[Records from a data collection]
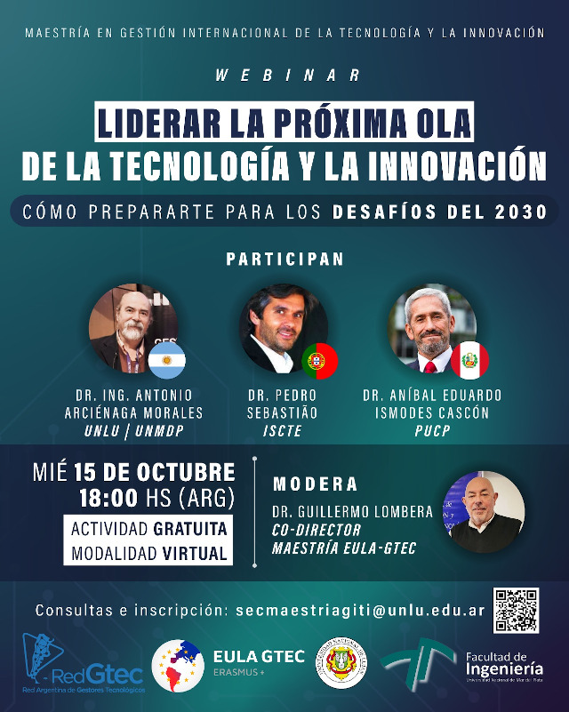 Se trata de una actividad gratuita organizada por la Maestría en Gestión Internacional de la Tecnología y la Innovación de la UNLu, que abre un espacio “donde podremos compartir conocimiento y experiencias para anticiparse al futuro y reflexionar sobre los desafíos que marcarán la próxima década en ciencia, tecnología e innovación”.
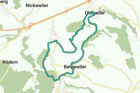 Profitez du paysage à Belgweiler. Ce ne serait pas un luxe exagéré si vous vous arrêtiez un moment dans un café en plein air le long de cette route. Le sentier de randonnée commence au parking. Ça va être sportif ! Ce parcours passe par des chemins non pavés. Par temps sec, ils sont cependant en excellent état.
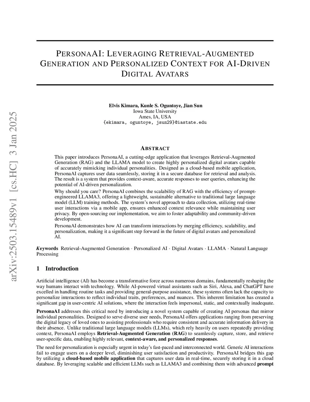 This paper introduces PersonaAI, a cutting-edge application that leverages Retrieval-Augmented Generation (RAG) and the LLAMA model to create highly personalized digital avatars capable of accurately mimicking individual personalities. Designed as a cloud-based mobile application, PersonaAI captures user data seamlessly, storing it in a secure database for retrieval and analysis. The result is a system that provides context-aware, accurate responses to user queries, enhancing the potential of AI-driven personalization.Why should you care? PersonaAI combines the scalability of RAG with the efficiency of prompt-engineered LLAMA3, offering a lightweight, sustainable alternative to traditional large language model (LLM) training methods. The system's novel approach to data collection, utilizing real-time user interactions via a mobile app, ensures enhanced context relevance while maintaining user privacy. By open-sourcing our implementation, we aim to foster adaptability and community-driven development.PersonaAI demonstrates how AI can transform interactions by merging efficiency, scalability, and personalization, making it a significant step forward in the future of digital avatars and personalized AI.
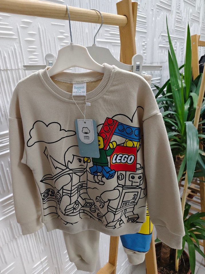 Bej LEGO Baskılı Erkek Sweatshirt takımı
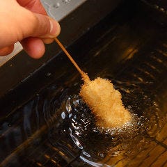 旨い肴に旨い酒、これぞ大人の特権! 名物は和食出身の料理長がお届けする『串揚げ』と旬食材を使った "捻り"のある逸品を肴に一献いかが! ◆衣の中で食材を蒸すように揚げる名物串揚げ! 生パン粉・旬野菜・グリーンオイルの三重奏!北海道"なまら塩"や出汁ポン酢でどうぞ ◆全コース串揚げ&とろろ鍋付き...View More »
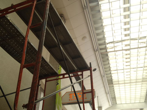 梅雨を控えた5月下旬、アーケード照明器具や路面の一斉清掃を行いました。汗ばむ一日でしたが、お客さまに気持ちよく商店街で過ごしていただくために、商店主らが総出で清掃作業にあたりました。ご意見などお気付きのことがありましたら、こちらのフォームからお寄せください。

■ THE TASK: Restate all entries exactly; pictures stay out.

■ ANSWER BOX:
 Se trata de una actividad gratuita organizada por la Maestría en Gestión Internacional de la Tecnología y la Innovación de la UNLu, que abre un espacio “donde podremos compartir conocimiento y experiencias para anticiparse al futuro y reflexionar sobre los desafíos que marcarán la próxima década en ciencia, tecnología e innovación”.
 Profitez du paysage à Belgweiler. Ce ne serait pas un luxe exagéré si vous vous arrêtiez un moment dans un café en plein air le long de cette route. Le sentier de randonnée commence au parking. Ça va être sportif ! Ce parcours passe par des chemins non pavés. Par temps sec, ils sont cependant en excellent état.
 This paper introduces PersonaAI, a cutting-edge application that leverages Retrieval-Augmented Generation (RAG) and the LLAMA model to create highly personalized digital avatars capable of accurately mimicking individual personalities. Designed as a cloud-based mobile application, PersonaAI captures user data seamlessly, storing it in a secure database for retrieval and analysis. The result is a system that provides context-aware, accurate responses to user queries, enhancing the potential of AI-driven personalization.Why should you care? PersonaAI combines the scalability of RAG with the efficiency of prompt-engineered LLAMA3, offering a lightweight, sustainable alternative to traditional large language model (LLM) training methods. The system's novel approach to data collection, utilizing real-time user interactions via a mobile app, ensures enhanced context relevance while maintaining user privacy. By open-sourcing our implementation, we aim to foster adaptability and community-driven development.PersonaAI demonstrates how AI can transform interactions by merging efficiency, scalability, and personalization, making it a significant step forward in the future of digital avatars and personalized AI.
 Bej LEGO Baskılı Erkek Sweatshirt takımı
 旨い肴に旨い酒、これぞ大人の特権! 名物は和食出身の料理長がお届けする『串揚げ』と旬食材を使った "捻り"のある逸品を肴に一献いかが! ◆衣の中で食材を蒸すように揚げる名物串揚げ! 生パン粉・旬野菜・グリーンオイルの三重奏!北海道"なまら塩"や出汁ポン酢でどうぞ ◆全コース串揚げ&とろろ鍋付き...View More »
 梅雨を控えた5月下旬、アーケード照明器具や路面の一斉清掃を行いました。汗ばむ一日でしたが、お客さまに気持ちよく商店街で過ごしていただくために、商店主らが総出で清掃作業にあたりました。ご意見などお気付きのことがありましたら、こちらのフォームからお寄せください。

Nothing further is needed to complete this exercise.